Declarative files make identity state reproducible, but they also turn access settings into portable authority that can be generated, copied, and applied by an agent. That helps consistency, yet it also means a bad file can replicate the same mistake everywhere unless review, change control, and audit logging are enforced.
Why This Matters for Security Teams
Declarative identity files are attractive because they make access state repeatable, reviewable, and fast to deploy. The risk is that the same portability also turns policy into a reusable object that can be copied into pipelines, repositories, and agent workflows with very little friction. A single flawed entitlement, secret reference, or role mapping can then scale across environments before anyone notices. That is why governance has to move as fast as delivery, not trail it. Current guidance in the NIST Cybersecurity Framework 2.0 and NHIMG’s Ultimate Guide to NHIs both point to the same operational reality: identity state is only safe when change control, visibility, and review are built into the workflow itself. NHIMG research shows the scale of the issue: 97% of NHIs carry excessive privileges, which makes declarative drift especially dangerous when it is copied at speed. In practice, many security teams encounter the blast radius only after the same bad declaration has already propagated through multiple systems, rather than through intentional testing or approval.
How It Works in Practice
Declarative environments speed delivery because teams define desired state once and let automation apply it repeatedly. In identity governance, that can be useful for RBAC, service accounts, and secrets handling, but it also means the declaration becomes a portable authority artifact. If an agent, CI job, or platform controller can generate or apply that file, it may also reproduce privilege, token scope, or trust relationships at machine speed. That is where governance risk enters. The control point is no longer only who can log in, but who can author, merge, trigger, and replay identity state.
Practitioners usually need three safeguards working together: first, policy-as-code checks at commit and at deploy time; second, short-lived credentials and JIT provisioning rather than persistent secrets; third, immutable logging of who approved what and when. NHIMG’s Top 10 NHI Issues and Ultimate Guide to NHIs — Key Challenges and Risks both emphasize that excessive standing privilege and weak visibility are major failure points, especially when secrets live in code or config. For AI-driven automation, the NIST Cybersecurity Framework 2.0 supports the operating principle, while agentic guidance from OWASP NHI Top 10 reinforces runtime validation for autonomous actions.
A practical pattern looks like this:
- Define identity intent in code, but require review for every privilege-bearing change.
- Issue JIT credentials with short TTLs so copied state does not become long-lived authority.
- Bind deployment to workload identity, not hard-coded secrets, so the runtime can be verified.
- Log both the declaration and the enforcement decision to support audit and rollback.
These controls tend to break down when declarative identity is used in highly distributed CI/CD systems with many automated writers, because propagation is faster than human review.
Common Variations and Edge Cases
Tighter declarative control often increases operational overhead, requiring organisations to balance delivery speed against approval latency and pipeline complexity.

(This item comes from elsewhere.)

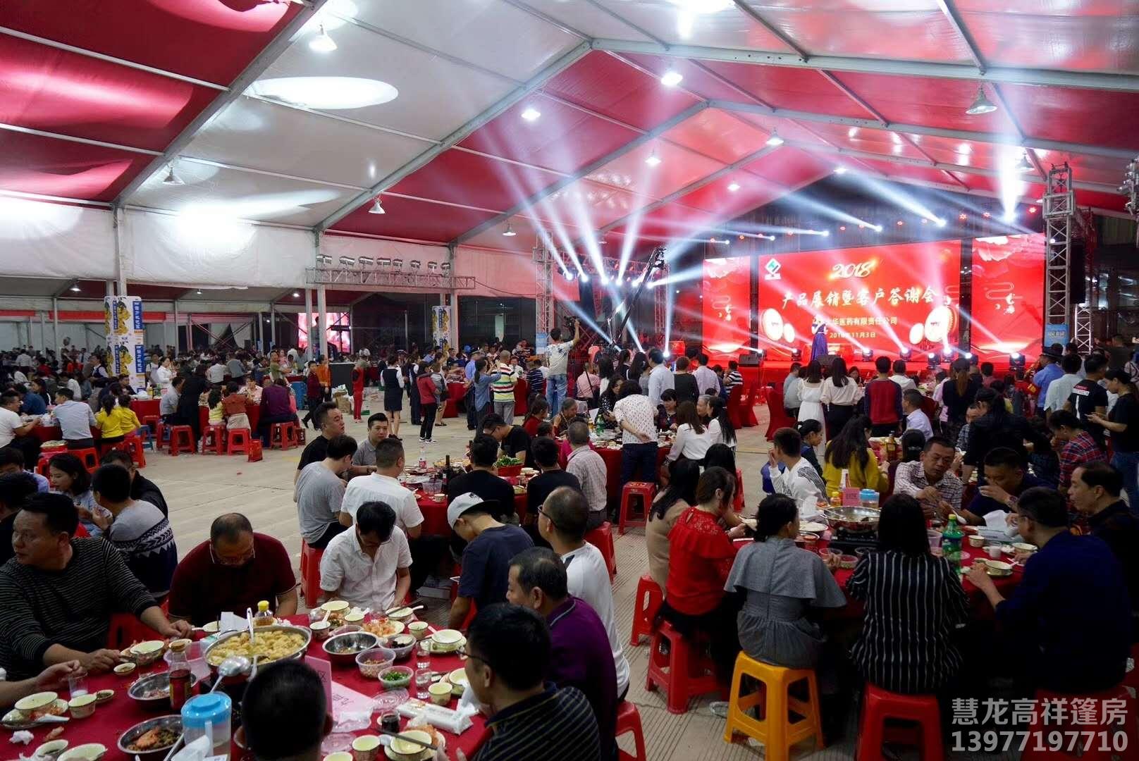 取代酒店舉辦宴會(huì)活動(dòng)的傳統(tǒng)模式,快速搭建和個(gè)性化定制的天然結(jié)構(gòu)優(yōu)勢(shì)讓裝配式篷房越來(lái)越被廣泛應(yīng)用。多年來(lái)慧龍展業(yè)在篷房方面積累經(jīng)驗(yàn),打造過(guò)眾多高端宴會(huì)篷房、派對(duì)篷房、活動(dòng)篷房、年會(huì)篷房上,為多家企業(yè)提供完整的活動(dòng)場(chǎng)所及空間解決方案。除此之外,還為各種私人派對(duì)、品牌活動(dòng)提供個(gè)性化場(chǎng)所定制服務(wù),包括布局劃分、內(nèi)飾搭配,紅白色搭配喜慶祥和。在視覺(jué)和在功能上達(dá)到差異化和個(gè)性化的效果。能在自己家門口開(kāi)會(huì)是多么方便的事,商務(wù)開(kāi)訂貨會(huì)。晚上答謝會(huì),一舉兩得,既展現(xiàn)公司的實(shí)力,還省掉去酒店的錢正在代酒店舉辦宴會(huì)活動(dòng)的傳統(tǒng)模式

That tradeoff is manageable in stable environments, but it becomes harder when identity changes are frequent, ephemeral, or agent-driven. Best practice is evolving for autonomous systems: there is no universal standard yet for how much identity intent should be pre-approved versus evaluated at runtime, so teams should treat this as a policy design problem rather than a tooling problem.

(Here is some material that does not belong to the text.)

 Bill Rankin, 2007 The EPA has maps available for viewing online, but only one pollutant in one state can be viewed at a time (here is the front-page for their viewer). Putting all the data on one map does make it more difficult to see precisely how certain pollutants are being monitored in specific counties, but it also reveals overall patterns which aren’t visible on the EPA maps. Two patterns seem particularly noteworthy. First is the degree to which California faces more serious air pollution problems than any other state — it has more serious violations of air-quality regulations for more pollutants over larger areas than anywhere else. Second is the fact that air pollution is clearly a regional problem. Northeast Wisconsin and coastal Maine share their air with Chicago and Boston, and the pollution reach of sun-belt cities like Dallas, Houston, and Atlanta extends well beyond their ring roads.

One edge case is temporary access for build agents or AI agents that need to complete a goal without human intervention. In those environments, static RBAC can be too blunt, because the agent’s path is not fully predictable. Current guidance suggests combining workload identity, intent-based authorisation, and per-task secret issuance so access exists only long enough to complete the action. NHIMG’s Lifecycle Processes for Managing NHIs is a useful reference for rotation and offboarding discipline, while 52 NHI Breaches Analysis illustrates how quickly weak governance turns into repeated compromise. For broader risk framing, NIST Cybersecurity Framework 2.0 and the Regulatory and Audit Perspectives section both support traceability, but they do not remove the need for runtime restraint. The hard lesson is that declarative identity improves speed only when the organisation can also prove who may change it, when it may run, and how quickly it expires.
Standards & Framework Alignment
This section maps relevant standards and security frameworks to the operational risks and controls described in this guidance.
OWASP Non-Human Identity Top 10 address the attack and risk surface, while NIST CSF 2.0 and NIST AI RMF set the governance and control requirements practitioners need to meet.
| Framework | Control / Reference | Relevance |
|---|---|---|
| OWASP Non-Human Identity Top 10 | NHI-03 | Addresses NHI secret rotation and standing privilege risk in declarative identity files. |
| NIST CSF 2.0 | PR.AC-4 | Covers access control governance for machine identities and automated policy deployment. |
| NIST AI RMF | AI RMF helps govern autonomous agents that can author or apply identity state. |
Use NHI-03 to enforce short-lived credentials and rotate declarative secrets on every meaningful change.